» Provided material
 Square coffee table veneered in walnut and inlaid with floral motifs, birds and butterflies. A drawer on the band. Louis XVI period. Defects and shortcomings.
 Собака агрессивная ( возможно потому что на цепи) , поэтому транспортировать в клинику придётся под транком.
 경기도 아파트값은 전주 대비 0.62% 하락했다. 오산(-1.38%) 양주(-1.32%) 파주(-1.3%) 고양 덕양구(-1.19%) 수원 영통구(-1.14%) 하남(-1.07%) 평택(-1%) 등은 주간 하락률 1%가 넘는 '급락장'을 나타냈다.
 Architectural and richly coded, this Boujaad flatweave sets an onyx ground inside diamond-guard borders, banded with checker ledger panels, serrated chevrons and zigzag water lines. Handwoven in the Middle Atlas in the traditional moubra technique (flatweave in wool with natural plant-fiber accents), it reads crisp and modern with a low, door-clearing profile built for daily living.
* * *
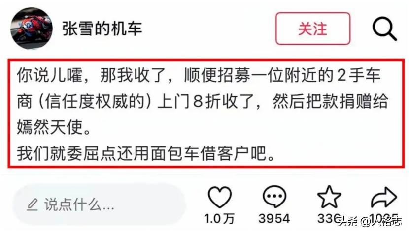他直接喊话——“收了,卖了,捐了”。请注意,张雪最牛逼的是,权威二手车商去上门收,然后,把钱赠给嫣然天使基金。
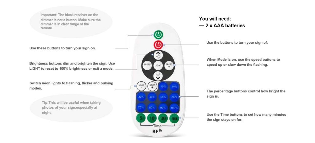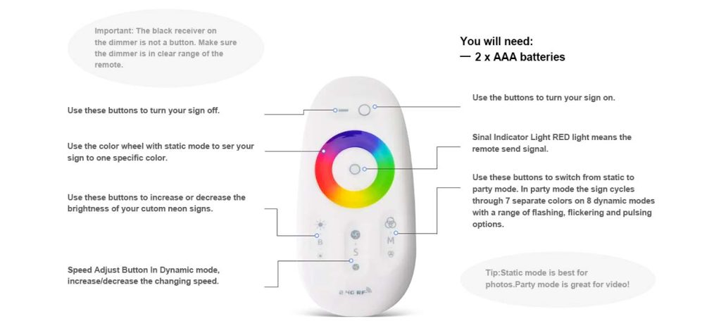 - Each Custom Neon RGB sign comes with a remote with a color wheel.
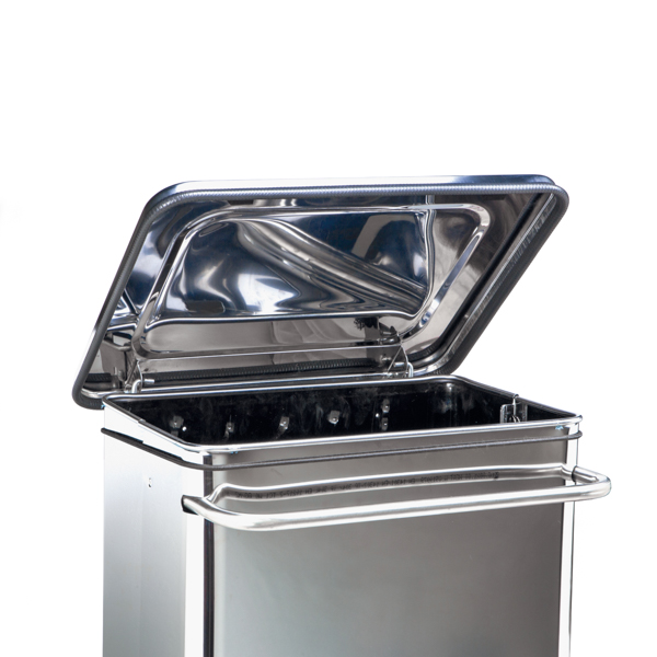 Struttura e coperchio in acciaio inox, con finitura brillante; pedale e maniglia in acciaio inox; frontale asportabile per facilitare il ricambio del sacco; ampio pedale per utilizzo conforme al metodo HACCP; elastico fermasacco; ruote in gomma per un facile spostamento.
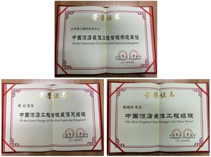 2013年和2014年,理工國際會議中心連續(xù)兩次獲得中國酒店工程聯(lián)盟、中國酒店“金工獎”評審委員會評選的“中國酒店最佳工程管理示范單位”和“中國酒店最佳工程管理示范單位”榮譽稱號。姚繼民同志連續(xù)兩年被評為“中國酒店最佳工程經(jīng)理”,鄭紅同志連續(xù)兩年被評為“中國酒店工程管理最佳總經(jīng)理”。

» Task to carry out
Each line above starting at the one holding "Struttura e coperchio" and ending at the one holding "2013年和2014年,理工" should be set down exactly as it stands, both ends included, with no pictures.

» Answer space
 Struttura e coperchio in acciaio inox, con finitura brillante; pedale e maniglia in acciaio inox; frontale asportabile per facilitare il ricambio del sacco; ampio pedale per utilizzo conforme al metodo HACCP; elastico fermasacco; ruote in gomma per un facile spostamento.
 2013年和2014年,理工國際會議中心連續(xù)兩次獲得中國酒店工程聯(lián)盟、中國酒店“金工獎”評審委員會評選的“中國酒店最佳工程管理示范單位”和“中國酒店最佳工程管理示范單位”榮譽稱號。姚繼民同志連續(xù)兩年被評為“中國酒店最佳工程經(jīng)理”,鄭紅同志連續(xù)兩年被評為“中國酒店工程管理最佳總經(jīng)理”。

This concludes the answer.